Thalian Hall, where we are performing, has everything I want from a venue – historic atmosphere, friendly efficiency, techies wearing kilts. Within two minutes of our arrival the staff have anticipated our every question and need; better still, they give us a tour of the attic space that houses one of the world’s only working Thunder Rolls. This arcane 19th-century sound effect is a long wooden trough that slopes from one side of the building to the other and back again, above the proscenium arch. At intervals of a few seconds, you release half a dozen iron cannonballs at the top of the run and they rumble down it as someone else spins a barrel full of dried peas to make rain and, from the stage below, Lear rages at the sky. It’s a contraption Wile E. Coyote himself would be proud of.
Getting to and from this artefact is an adventure in itself, involving a crawl through various tight spaces and a clamber up and down an rickety ladder. Afterwards, we descend a back staircase of dark polished wood that our guide tells us, a little abashedly, used to be reserved for blacks in the days of segregation. It’s a jolting reminder that for all the jetsam of the past we celebrate under the “historic” banner, there will always be grimmer shadows lurking.
My first impression of Augusta, Georgia is the plaque outside the Methodist church where we will be playing – founded by “a young Virginia minister who denounced the worldliness of fun-loving Augusta”. I’m not sure whether to be pumped or nervous about encountering fun-loving Augusta and its detractors. With time to kill, I wander through the deserted Sunday morning streets towards the Riverwalk to find somewhere open for lunch. The Boll Weevil has one of the most monumental dessert menus I’ve ever seen, and I stuff my face with blueberry cheesecake. A waitress passes me with a huge iced cake balanced on each hand. Then comes the terrible cry: “Cake down!”
As I emerge into the intense sun, I notice I am on James Brown Blvd. The Godfather of Soul has a street named after him that leads directly to the Jessye Norman Amphitheatre. Must be something musical in the water.
The city has come out of church and loosened its collar as I head back to the venue. A patch of common land is given over to a Hispanic Festival whose thumping bass follows me for several blocks. Then suddenly, I hear these loud blasting chords. A big fat Fsus4. I can’t tell where the blasts are coming from, still less what they are. Car horns? Some kind of pipe organ? A John Cage happening? I’ll never know, but for a few minutes I am elevated to this dreamlike sense of grandeur.

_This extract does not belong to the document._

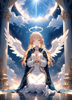 painting of a woman wearing shabby cape kneeling on the ground praying to the sky for peace.looking down. (praying:1.5).the sky is cloudy but with some sunlight rays through the clouds, light particles surrounded the woman. delicate face, pretty face, masterpiece, highres, delicate details, angel wings in the sky.celestial, ethereal, painterly, epic, magical, fantasy art, dreamy, vibrant, beautiful, detailed, textural,holy lighting, halo,Pillar of light

Inside the church, we are preparing to give the congregation their first ever amplified music experience. The church has hired in not just any PA, but one with enough subwoofer power to fill the Royal Albert Hall. Probably best not to fire all cylinders. Probably also best not to describe our song Burden as a “drinking song”. It’s interesting how the song has run the gamut of interpretations even in the year we’ve been singing it. I originally intended it as a love song; now we tend to perform it in the spirit of a pub singalong. But Sara’s churchgoing mum tells me she hears it as a worship song, and that’s how we present it to the Augustans. I love the idea of songs being repurposed and changing their meaning depending on context. Case in point: the state anthem Georgia On My Mind, which could equally well be about someone named Georgia.

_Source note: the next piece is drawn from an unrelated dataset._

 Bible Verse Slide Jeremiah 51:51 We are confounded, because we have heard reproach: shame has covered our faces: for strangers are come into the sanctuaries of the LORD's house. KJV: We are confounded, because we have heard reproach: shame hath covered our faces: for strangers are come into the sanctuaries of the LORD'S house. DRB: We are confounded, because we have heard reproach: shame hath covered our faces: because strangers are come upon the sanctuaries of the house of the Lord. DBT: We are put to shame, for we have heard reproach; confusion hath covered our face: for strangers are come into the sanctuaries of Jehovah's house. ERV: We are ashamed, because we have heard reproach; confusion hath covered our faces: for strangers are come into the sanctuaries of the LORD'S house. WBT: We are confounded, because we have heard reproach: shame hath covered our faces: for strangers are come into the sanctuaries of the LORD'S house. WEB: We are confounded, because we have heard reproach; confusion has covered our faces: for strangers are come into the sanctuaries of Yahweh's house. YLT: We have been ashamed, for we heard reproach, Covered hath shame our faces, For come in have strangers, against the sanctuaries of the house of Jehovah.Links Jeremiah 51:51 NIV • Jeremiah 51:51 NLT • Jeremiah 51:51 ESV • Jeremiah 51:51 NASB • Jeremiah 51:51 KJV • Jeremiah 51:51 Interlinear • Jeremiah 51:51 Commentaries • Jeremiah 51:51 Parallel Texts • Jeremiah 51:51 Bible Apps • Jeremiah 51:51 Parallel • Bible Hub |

The folks of fun-loving Augusta seem to love our show, including our friend Jamal Moore from The Exchange. Afterwards we’re taken to a reception in the church hall with not-insubstantial nibbles AND then whisked off to a “potluck” feast at the Easterlin family home. I make myself so thoroughly at home that not I end up bouncing on the trampoline in their garden and trying to figure out how to play the harp in the living room. (Kevin and I busk our way through a bit of Satie; I immediately add harp to my wish list of impractical instruments to own some day). We’re even invited back the next day to lounge around in the hot tub and play with the dogs in the family’s absence, which we eagerly accept.

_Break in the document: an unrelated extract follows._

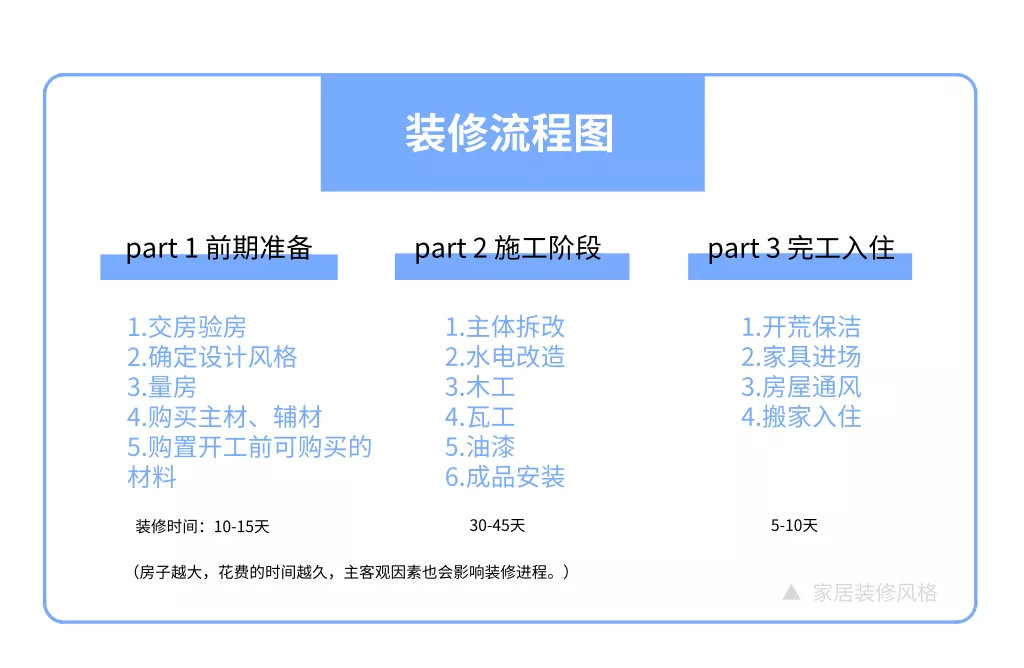 所以,對(duì)于裝修小白來說,熟知裝修流程是很有必要的。今天,糖糖專門整理了一篇新房裝修流程,希望能給大家一個(gè)參考和借鑒,起碼心里有底。

Some other parishioners have offered up their homes for us to sleep in. I’m expecting a sizeable place, but nothing can prepare me for the palatial residence we drive up to. Massive Ionic columns at the front entrance, marble floors, four-poster beds with steps up to them, ensuite baths in every room, lift, pool table, the lot. It’s the size of a luxury hotel and it’s occupied by one elderly couple – though they have 16 grandchildren and also rent out the house to corporate parties during the Masters golf tournament. One such party has left behind a bottle of Maker’s Mark, which we sip on the porch until the wee hours.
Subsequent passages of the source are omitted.